Sleep equity among children belonging to minoritized groups deserves more clinical attention, according to a new report published today in JAMA Network Open. This cross-sectional study found that racially and ethnically diverse pediatric populations continue exhibiting worse sleep outcomes compared with White children. Considering this evidence, the authors advocate for policy reform and enhanced practices to adequately address disparities in sleep health throughout younger populations.1
“Theoretical and empirical work attribute these disparities to structural and interpersonal challenges associated with children’s racially and ethnically minoritized identities, as well as cultural differences in the beliefs and practices related to sleep,” the authors write, pointing to a body of literature that demonstrates how, for example, Black families tend to endure reduced sleep duration and quality compared with non-Hispanic White families.

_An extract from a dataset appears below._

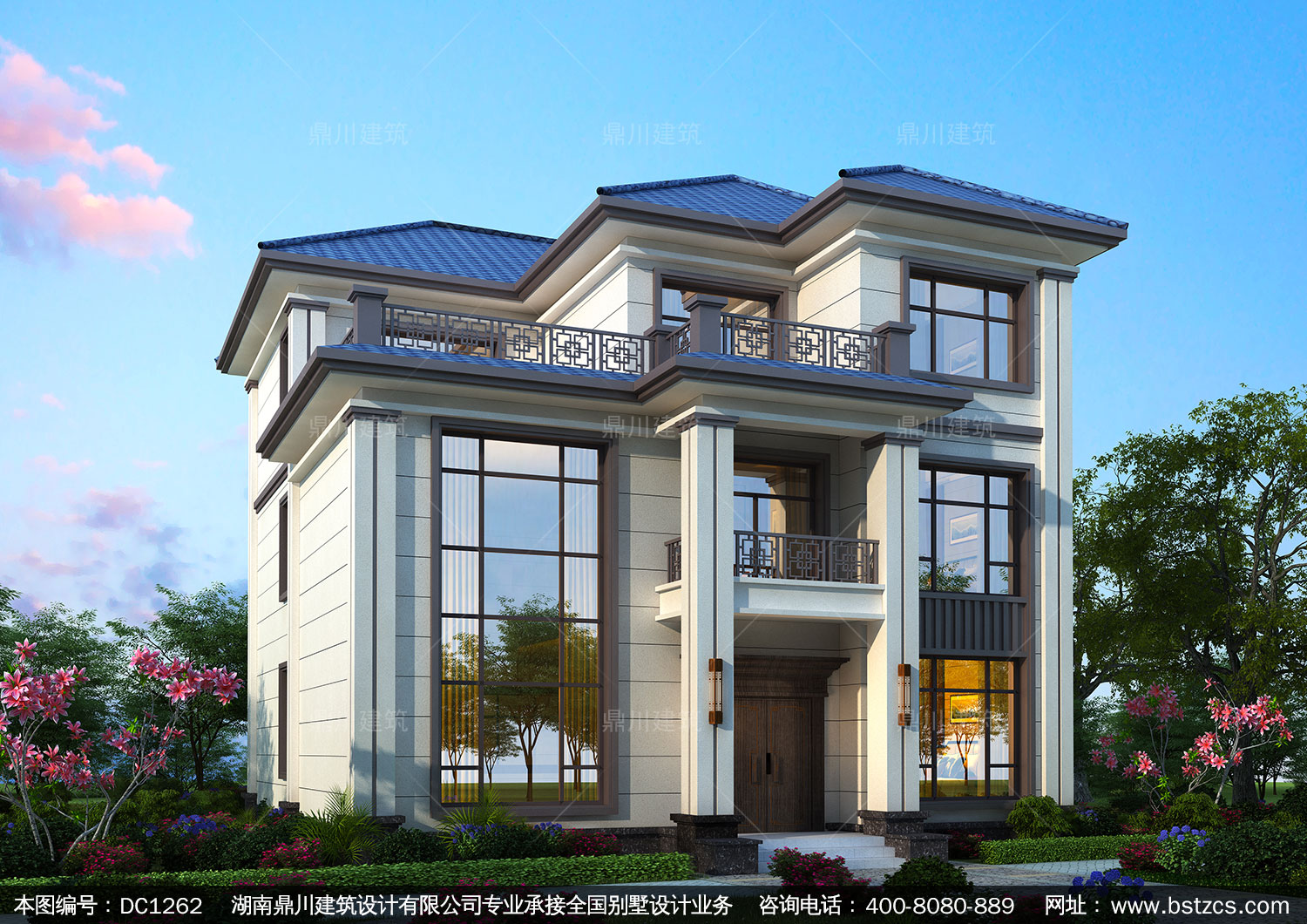 新中式三層復式別墅施工圖紙及效果圖_農村自建別墅設計,鼎川建筑

Insufficient research considers sleep variability throughout Latinx, Asian, and multiracial pediatric populations | image credit: Michael - stock.adobe.com
A primary measure gaining more attention in sleep research is the concept of sleep variability/regularity, which may carry important implications for one’s health equal to that of sleep timing or duration. Emerging research over the years has suggested that sleep regularity or irregularity can contribute to—and be predictive of—numerous health outcomes. Variability may influence people’s cardiac health, metabolic functioning, mental health, cognitive performance and functioning, and more.2
The current authors emphasize the lacking attention that has been paid to racial and ethnic groups outside of Black populations and, in an effort to expand knowledge in this regard, their study leverages actigraphy sleep data from the national Adolescent Brain Cognitive Development (ABCD) study to explore a plethora of pediatric sleep dimensions across White, Black, Asian, Latinx, and multiracial children.1
In total, there were 3868 children included in the analysis aged between 11 and 12 years on average. Nearly half of this group was female (n =1913). Overall, 58.4% (n = 2260) were White, 20.7% (n = 801) were Latinx, 9.2% (n = 356) were multiracial, 9% (n = 347) were Black, and 2.7% (n = 104) were Asian.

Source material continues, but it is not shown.